--- Records provided ---
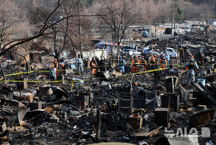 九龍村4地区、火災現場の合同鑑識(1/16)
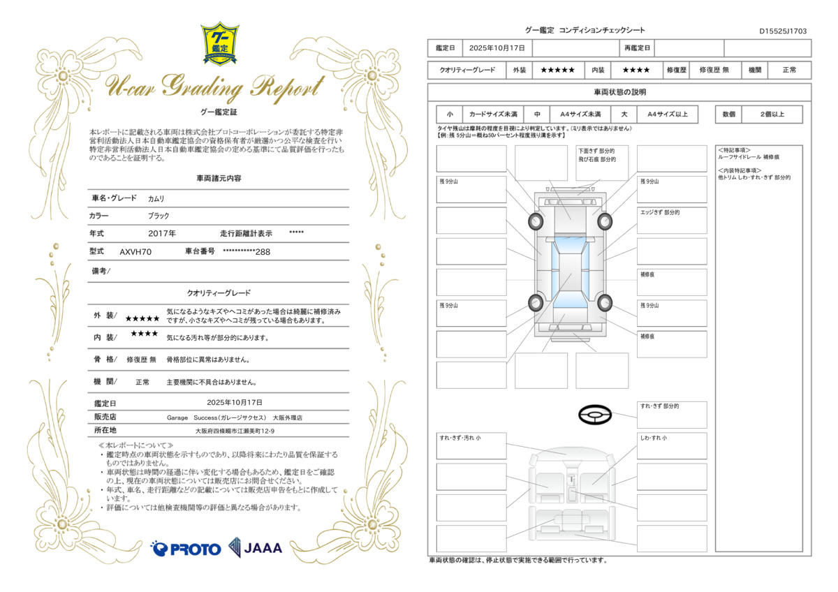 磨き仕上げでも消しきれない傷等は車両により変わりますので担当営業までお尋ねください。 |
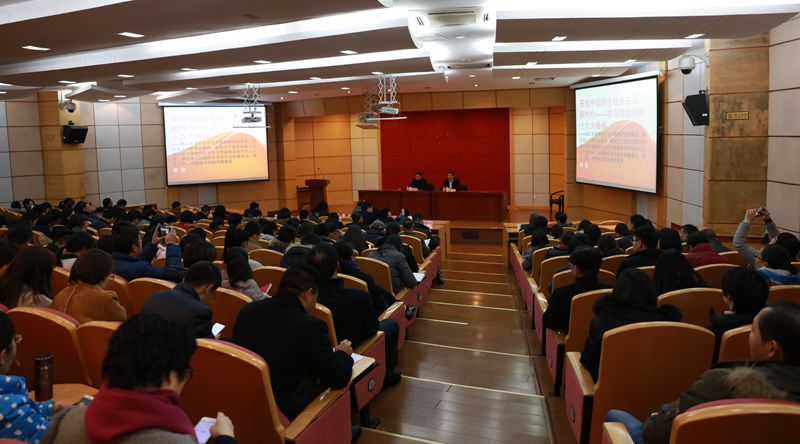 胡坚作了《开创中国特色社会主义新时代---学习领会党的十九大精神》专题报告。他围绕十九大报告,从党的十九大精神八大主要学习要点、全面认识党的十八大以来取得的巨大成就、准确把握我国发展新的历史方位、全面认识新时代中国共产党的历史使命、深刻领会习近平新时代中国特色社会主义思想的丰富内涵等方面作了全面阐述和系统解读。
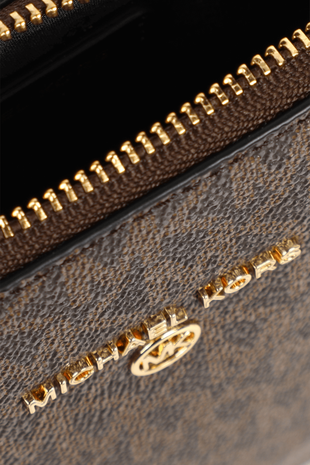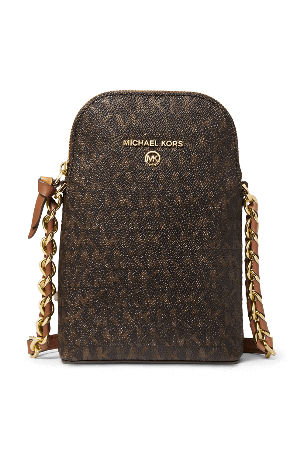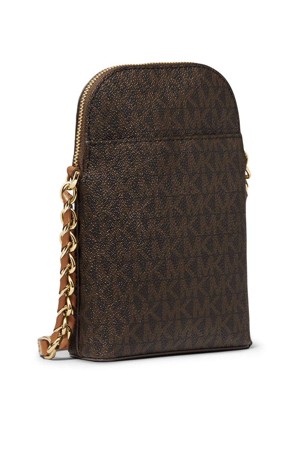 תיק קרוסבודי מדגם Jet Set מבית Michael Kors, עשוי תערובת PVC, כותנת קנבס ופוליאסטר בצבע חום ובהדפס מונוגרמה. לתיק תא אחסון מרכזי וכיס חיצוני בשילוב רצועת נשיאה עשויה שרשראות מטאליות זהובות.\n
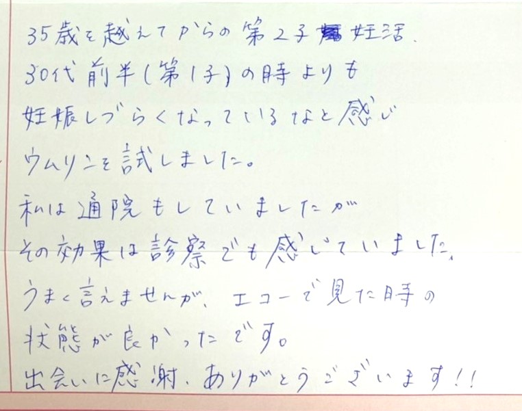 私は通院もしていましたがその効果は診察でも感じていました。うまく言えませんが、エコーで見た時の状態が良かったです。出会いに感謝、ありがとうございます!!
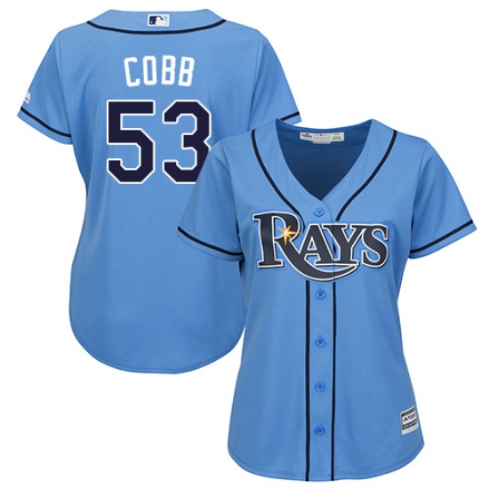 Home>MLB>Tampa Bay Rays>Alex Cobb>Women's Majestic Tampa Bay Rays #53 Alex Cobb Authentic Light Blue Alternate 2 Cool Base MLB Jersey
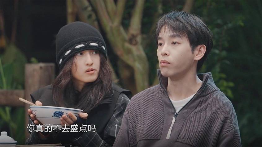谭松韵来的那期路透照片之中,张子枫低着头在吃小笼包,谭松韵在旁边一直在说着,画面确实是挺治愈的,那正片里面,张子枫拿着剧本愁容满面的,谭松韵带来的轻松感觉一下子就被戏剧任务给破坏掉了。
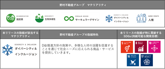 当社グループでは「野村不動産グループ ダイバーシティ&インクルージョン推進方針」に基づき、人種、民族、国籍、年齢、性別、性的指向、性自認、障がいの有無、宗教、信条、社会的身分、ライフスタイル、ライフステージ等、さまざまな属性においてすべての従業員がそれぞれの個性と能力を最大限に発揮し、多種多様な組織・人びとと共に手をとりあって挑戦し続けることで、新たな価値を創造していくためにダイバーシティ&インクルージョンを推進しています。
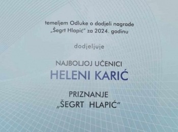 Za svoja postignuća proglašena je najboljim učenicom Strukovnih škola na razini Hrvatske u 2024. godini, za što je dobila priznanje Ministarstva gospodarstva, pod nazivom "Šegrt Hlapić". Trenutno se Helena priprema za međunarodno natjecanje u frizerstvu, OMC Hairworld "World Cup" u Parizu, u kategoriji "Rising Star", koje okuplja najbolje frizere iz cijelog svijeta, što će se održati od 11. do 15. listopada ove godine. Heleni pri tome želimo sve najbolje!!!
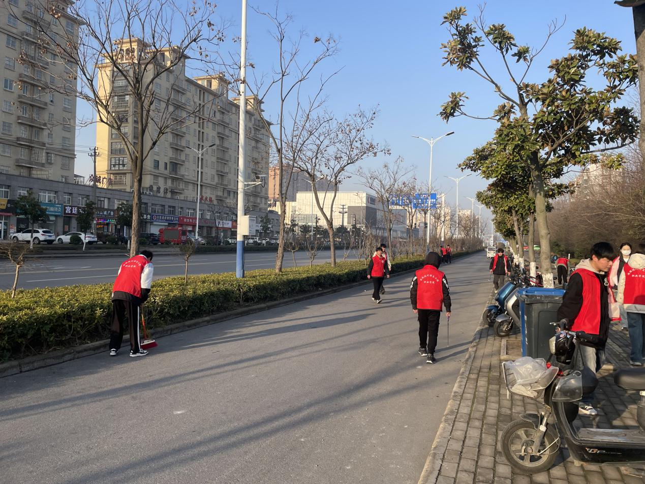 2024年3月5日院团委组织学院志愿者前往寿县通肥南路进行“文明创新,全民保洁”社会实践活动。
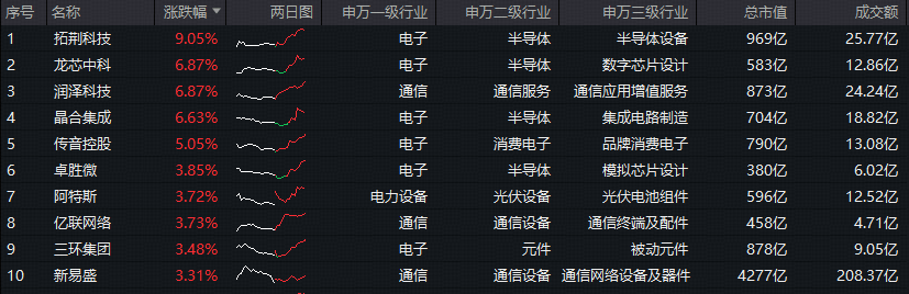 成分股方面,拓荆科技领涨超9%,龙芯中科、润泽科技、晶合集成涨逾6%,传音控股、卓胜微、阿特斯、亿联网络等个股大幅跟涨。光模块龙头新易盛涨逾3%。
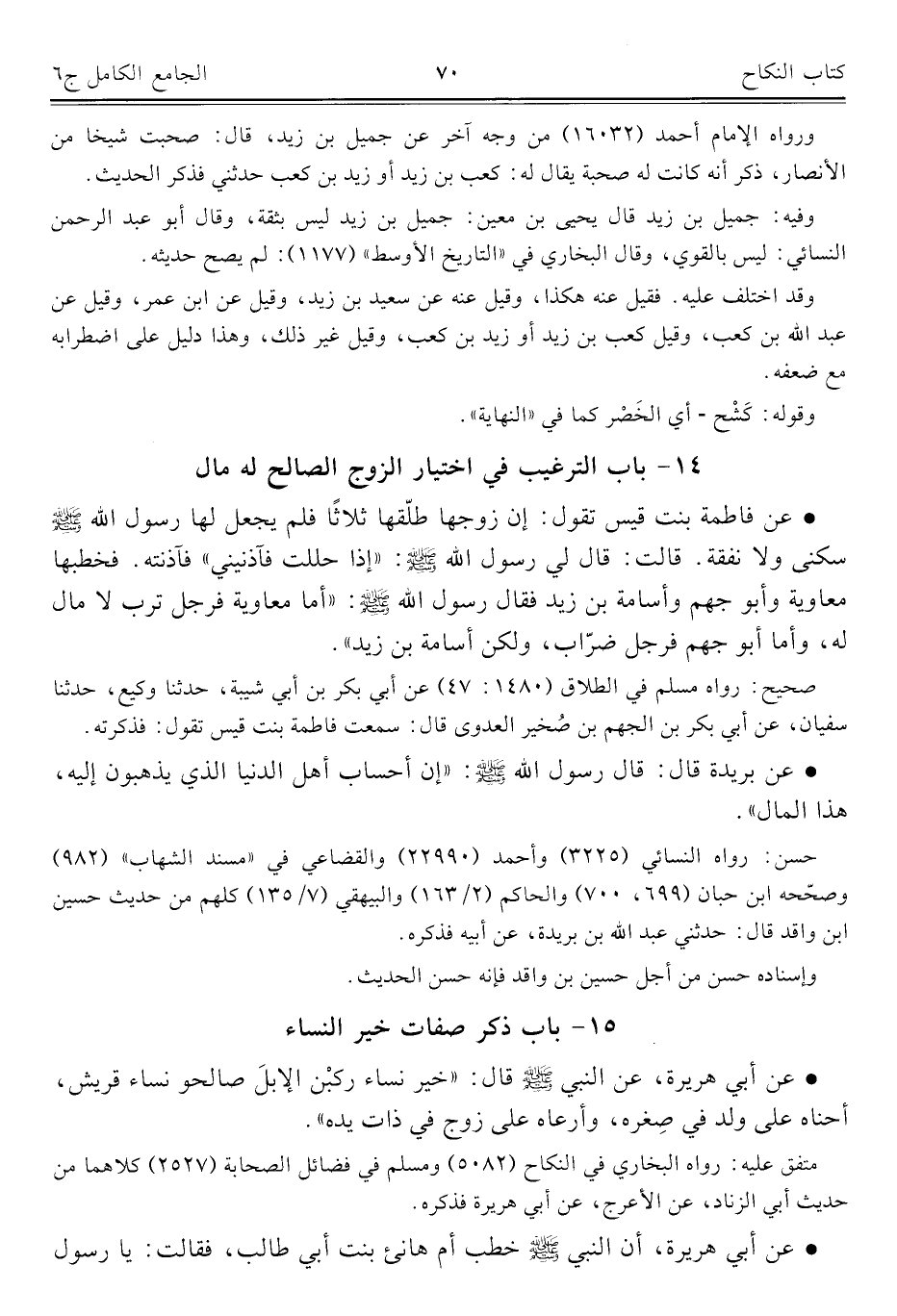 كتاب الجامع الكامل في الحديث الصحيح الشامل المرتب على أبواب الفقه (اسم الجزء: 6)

--- Problem statement ---
Set the entries down again exactly. Do not include the images.

--- Solution to the problem ---
 九龍村4地区、火災現場の合同鑑識(1/16)
 磨き仕上げでも消しきれない傷等は車両により変わりますので担当営業までお尋ねください。 |
 胡坚作了《开创中国特色社会主义新时代---学习领会党的十九大精神》专题报告。他围绕十九大报告,从党的十九大精神八大主要学习要点、全面认识党的十八大以来取得的巨大成就、准确把握我国发展新的历史方位、全面认识新时代中国共产党的历史使命、深刻领会习近平新时代中国特色社会主义思想的丰富内涵等方面作了全面阐述和系统解读。
 תיק קרוסבודי מדגם Jet Set מבית Michael Kors, עשוי תערובת PVC, כותנת קנבס ופוליאסטר בצבע חום ובהדפס מונוגרמה. לתיק תא אחסון מרכזי וכיס חיצוני בשילוב רצועת נשיאה עשויה שרשראות מטאליות זהובות.\n
 私は通院もしていましたがその効果は診察でも感じていました。うまく言えませんが、エコーで見た時の状態が良かったです。出会いに感謝、ありがとうございます!!
 Home>MLB>Tampa Bay Rays>Alex Cobb>Women's Majestic Tampa Bay Rays #53 Alex Cobb Authentic Light Blue Alternate 2 Cool Base MLB Jersey
谭松韵来的那期路透照片之中,张子枫低着头在吃小笼包,谭松韵在旁边一直在说着,画面确实是挺治愈的,那正片里面,张子枫拿着剧本愁容满面的,谭松韵带来的轻松感觉一下子就被戏剧任务给破坏掉了。
 当社グループでは「野村不動産グループ ダイバーシティ&インクルージョン推進方針」に基づき、人種、民族、国籍、年齢、性別、性的指向、性自認、障がいの有無、宗教、信条、社会的身分、ライフスタイル、ライフステージ等、さまざまな属性においてすべての従業員がそれぞれの個性と能力を最大限に発揮し、多種多様な組織・人びとと共に手をとりあって挑戦し続けることで、新たな価値を創造していくためにダイバーシティ&インクルージョンを推進しています。
 Za svoja postignuća proglašena je najboljim učenicom Strukovnih škola na razini Hrvatske u 2024. godini, za što je dobila priznanje Ministarstva gospodarstva, pod nazivom "Šegrt Hlapić". Trenutno se Helena priprema za međunarodno natjecanje u frizerstvu, OMC Hairworld "World Cup" u Parizu, u kategoriji "Rising Star", koje okuplja najbolje frizere iz cijelog svijeta, što će se održati od 11. do 15. listopada ove godine. Heleni pri tome želimo sve najbolje!!!
 2024年3月5日院团委组织学院志愿者前往寿县通肥南路进行“文明创新,全民保洁”社会实践活动。
 成分股方面,拓荆科技领涨超9%,龙芯中科、润泽科技、晶合集成涨逾6%,传音控股、卓胜微、阿特斯、亿联网络等个股大幅跟涨。光模块龙头新易盛涨逾3%。
 كتاب الجامع الكامل في الحديث الصحيح الشامل المرتب على أبواب الفقه (اسم الجزء: 6)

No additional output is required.